Meinen Sie nicht, dass die Leute das verstehen? Wir rasen ja auch nicht mit 200 Stundenkilometern in die Kurve, nur weil unsere Autos Bremsen haben. Außerdem könnte das Tragen der Masken Menschen sogar daran erinnern, dass die Situation gerade eine sehr besondere ist.

Ein solcher Effekt ist sicher nicht von der Hand zu weisen. Leider ist die Studienlage insgesamt ausgesprochen dünn. Es ist kaum bekannt, wie viel einfache Masken zur Eindämmung von Infektionskrankheiten beitragen können. Man kann ihren Nutzen in Studien auch nur schlecht von den Auswirkungen der anderen Maßnahmen wie Händewaschen und Nieshygiene getrennt ermitteln, die ja in der Regel gleichzeitig empfohlen werden. Wenn diese Maßnahmen gut befolgt werden, sind sie meiner Ansicht nach ausreichend.

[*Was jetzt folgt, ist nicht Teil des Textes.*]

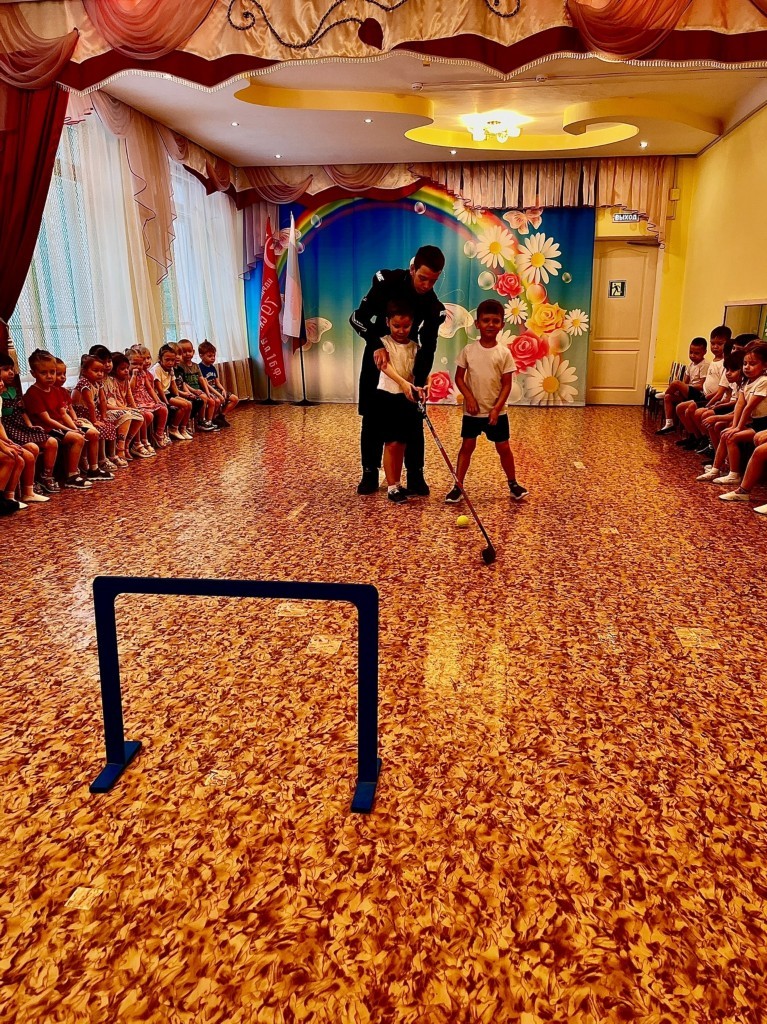 Роман рассказал о таком виде спорта как хоккей, продемонстрировал форму полевого игрока, объяснил и наглядно показал техники дриблинга и бросков по воротам. Объяснил насколько важен спорт в жизни каждого человека, независимо профессионально он им занимается или для поддержания себя в форме.

Aber plötzliches Niesen kann man ja nicht immer verhindern, und im realen Leben ist im Supermarkt oder in der U-Bahn auch nicht immer genug Platz für 1,5 Meter Abstand.

In solchen Situationen könnte das Tragen von Masken deshalb auch sinnvoll sein. Es ist aber eben nicht so einfach, wie manche Politiker das jetzt suggerieren. Ein Mund-Nasen-Schutz ist nach dem Tragen in jedem Fall kontaminiert. Wenn man diesen mit den Händen anfasst, sind die Hände kontaminiert. Das Händewaschen muss also unbedingt weitergehen. Es ist wichtig, Menschen über den Umgang mit dem Mund-Nasen-Schutz aufzuklären. Sonst könnte man mit einer Maskenpflicht mehr Probleme schaffen als lösen.

Gibt es denn Situationen, in denen das Tragen eines Mund-Nasen-Schutzes auf jeden Fall eine gute Idee ist?

Für alle Menschen, die jetzt unter Husten und Schnupfen leiden und trotzdem unbedingt in die Öffentlichkeit müssen, ist ein Mund-Nasen-Schutz sicher eine gute Idee. Aber auch dann muss man bedenken: Wenn man mehrmals dort hineingehustet hat, ist der Schutz durchfeuchtet. Er kann dann eine noch größere Schleuder von Mikroorganismen sein. So ein Mund-Nasen-Schutz muss deshalb regelmäßig gewechselt und bei mindestens 60 Grad gewaschen werden. Vorsicht ist auch bei Menschen geboten, die ohnehin schon Probleme mit dem Atmen haben. Sie dürfen nicht in noch größere Schwierigkeiten gebracht werden. Man sollte unbedingt dafür Sorge tragen, dass man auch trotz Mundschutz noch gut Luft bekommt.